# Need some tips



## arky (Nov 23, 2007)

I am fairly new to pheasent hunting being from Arkansas we don't have many birds down here. My buddies and I just got back from up there last week and we killed a few birds and had a big time, but we were wondering how you guys go about hunting large areas of CRP land. We have dogs and a pretty large group of hunters, but it seemed like we could never get many birds out of the large CRP land. I have heard of groups going out and killing their limit out of fields like these but all we got was a lot of exercise and wore out dogs chasing running birds. If yall could help it would be appreciated. :-?


----------



## hunt4P&amp;Y (Sep 23, 2004)

Well, this is kind of a hard question. You push the Crp in a certain way, hit the areas where birds "should" be. Use the wind, and keep on walking! Some days they may be there the next they are in a defferent place. I guess after you do it for a while you figure out where a bird "should" be. Not to toot my own horn, but most of the time I can sit in the truck and look at a large piece of cover and go there will be birds here and here and here. You look for a difference in cover, alittle dark patch of cover, etc. When a bird is flying it lands on the edge of something. When they are flying they see a difference and go for it. I thicker patch will hold birds. Sloughs in the crp are $$$.

Also, when you get to the end of the cover stand there for a minute, talk about it. 7out of 10 times a bird will get up. The longer you stand there the better. I can't count how many times we have stood at the end of the cover as I listen to buddies complain about how crappy that walk is, and up they come!!

Hope that helps if you have any more questions shoot.
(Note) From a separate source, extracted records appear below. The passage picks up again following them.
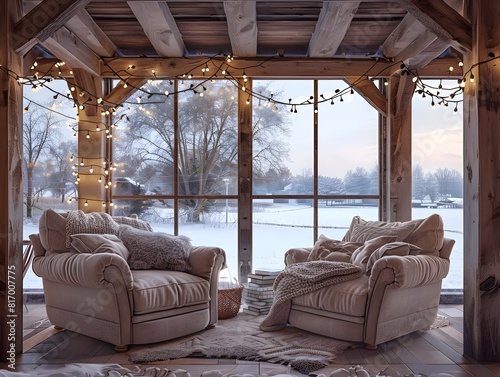 Rustic Farmhouse Living Room A Cozy Winter Retreat with Plush Furnishings and Inviting Warmth
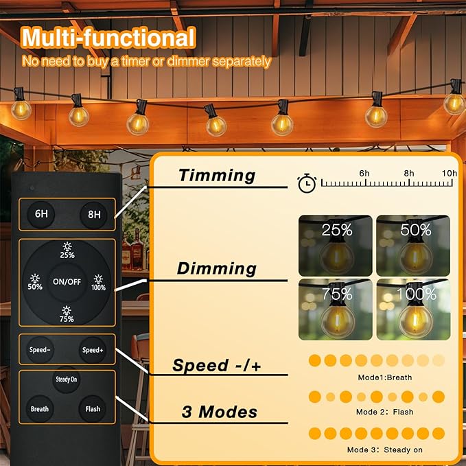 - Multifunctional Remote Control: Adjust the brightness levels (25%, 50%, 75%, 100%), set timers for 6, 8, or 10 hours, and 3 Brightness Mode: Soft/Bright/Super Bright. One remote, endless charm—no extra timers and dimmer required.
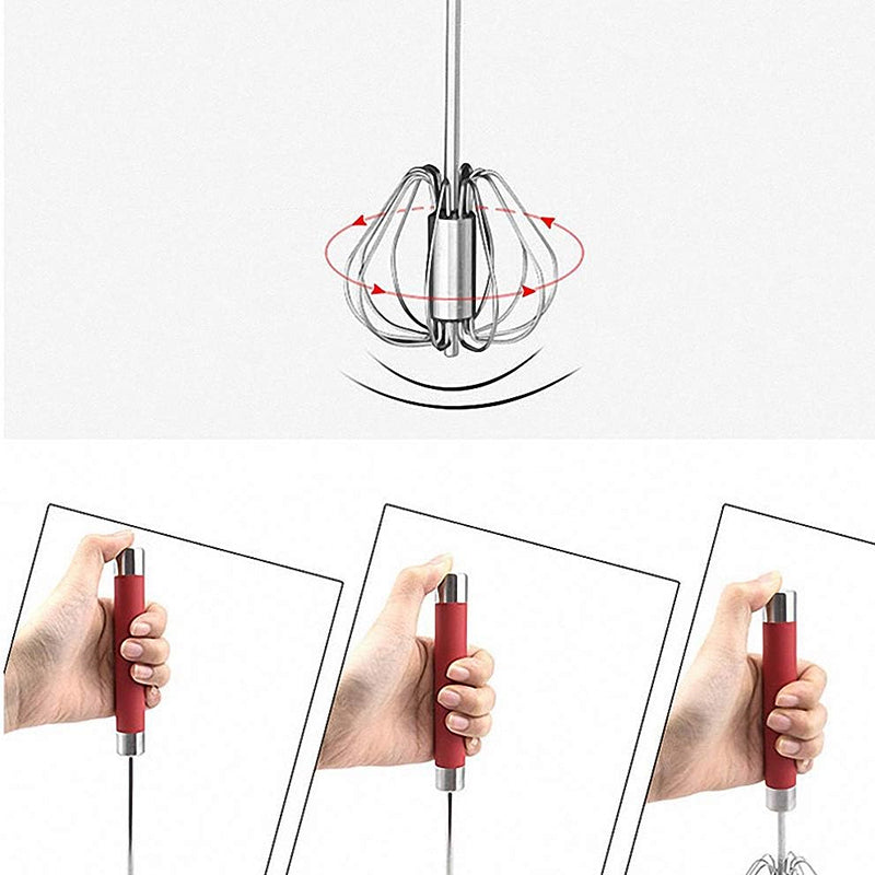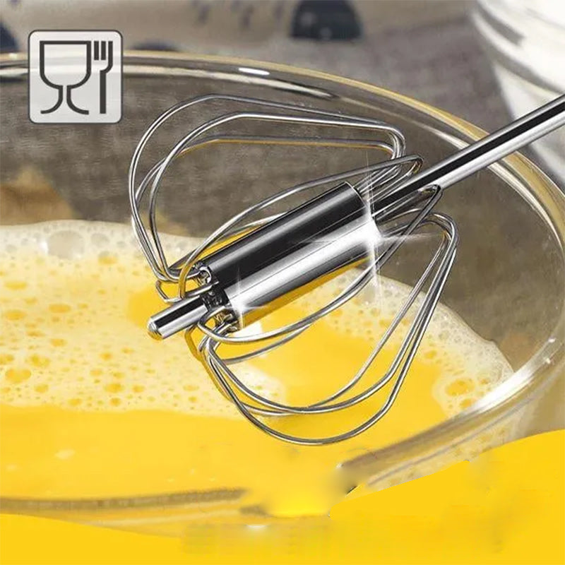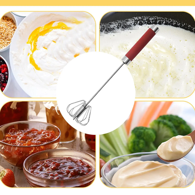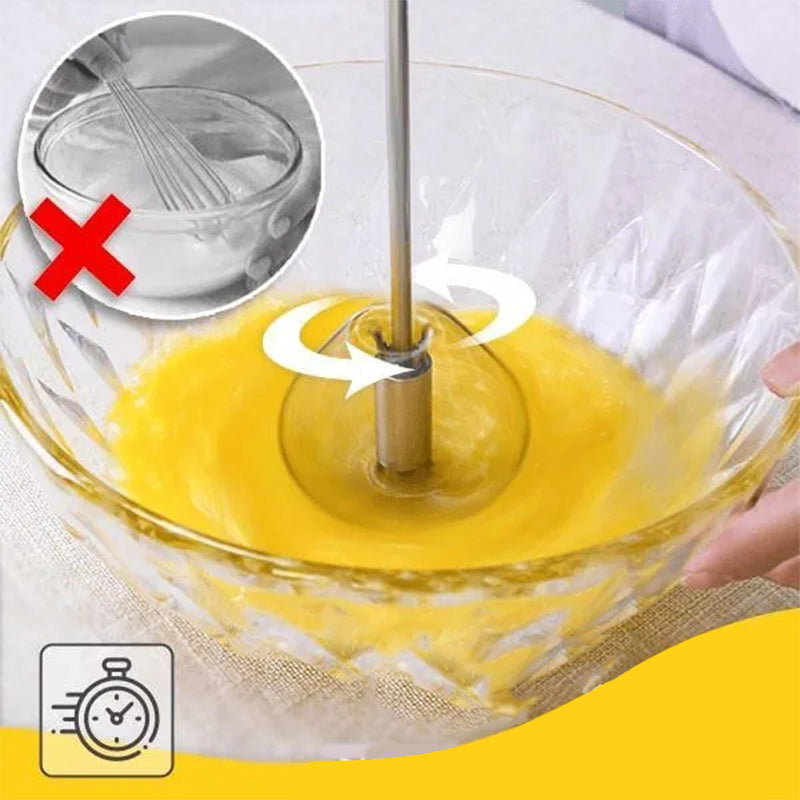 Du kan utføre oppgaver mye mer effektivt med minimal innsats. Ingen behov for batterier eller strøm. Bare trykk på håndtaket for å sette vispebladene i rustfritt stål i bevegelse. Det er perfekt for å blande sauser, marinader, egg, kakerøre, pannekakerøre og mye mer!
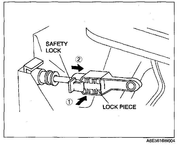5. Lock the lock piece of the selector cable (selector lever side) in the order shown in the figure.
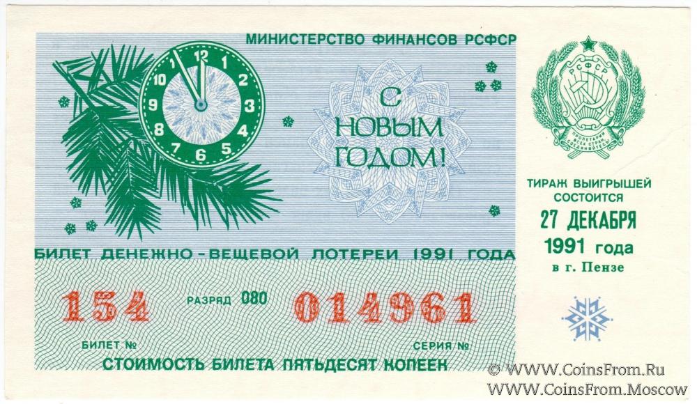 Билет. Новогодний выпуск. Тираж в г. Пензе. Денежно-вещевая лотерея 1991 г.
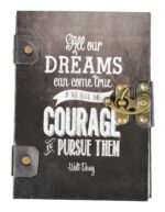 vintage handmade leather journal. Crafted with genuine leather, it radiates authenticity and charm, perfect for those who appreciate classic craftsmanship. The premium antique lock closure adds a touch of elegance and security, ensuring your thoughts and memories are safeguarded within its pages. Inside, you’ll discover 200 brown handmade pages, providing ample space for your musings, sketches, and stories to unfold. Whether it’s for journaling, sketching, or planning, this versatile journal is a timeless companion for your creative endeavors. Treat yourself or a loved one to this exquisite piece, a celebration of tradition and creativity

Kind of a wide open question.


----------



## Dick Monson (Aug 12, 2002)

arky, were you hunting PLOTS ground in SW ND? Kiss of death late season. Don't walk a straight line, work the edges, if it's been hit lately go through the thick stuff first, and then the edges on the way back. Smaller group is better, keep it it quiet if possible as noise does a number on 'em.

In the SE the birds will be in cattails this time of year if they aren't feeding. And 1 or 2 guys will handle that. You'd need deer trails to get inside.


----------



## arky (Nov 23, 2007)

Thanks guys for the responses. We were around Whisek. We did hunt a lot of the cattails and shelterbelts. I do know what you are saying about the diffrent cover in the CRP. Do dogs play a major role in hunting this type of cover? The dogs we were hunting over are rusty and not as trained as some of the others we have had. Thanks again


----------



## hunt4P&amp;Y (Sep 23, 2004)

As long as they are staying close, and not doing anything dumb it doesn't really hurt to have something running around and kicking up birds.


----------



## thorpebe (Oct 3, 2003)

I would have to say that if you didnt get any birds out of the cattails or the shelterbelts there werent many birds there or they were out feeding in a near by cornfield. Since the snow 90% of our birds have come out of cattails or trees and if there not there we found them in the corn getting fat. We have got birds out of the crp but they were tough to get and far and few in between.


----------



## 2Socks (Apr 18, 2006)

Hey, Archy was it nice to women with teeth?


----------



## arky (Nov 23, 2007)

2Socks said:


> Hey, Archy was it nice to women with teeth?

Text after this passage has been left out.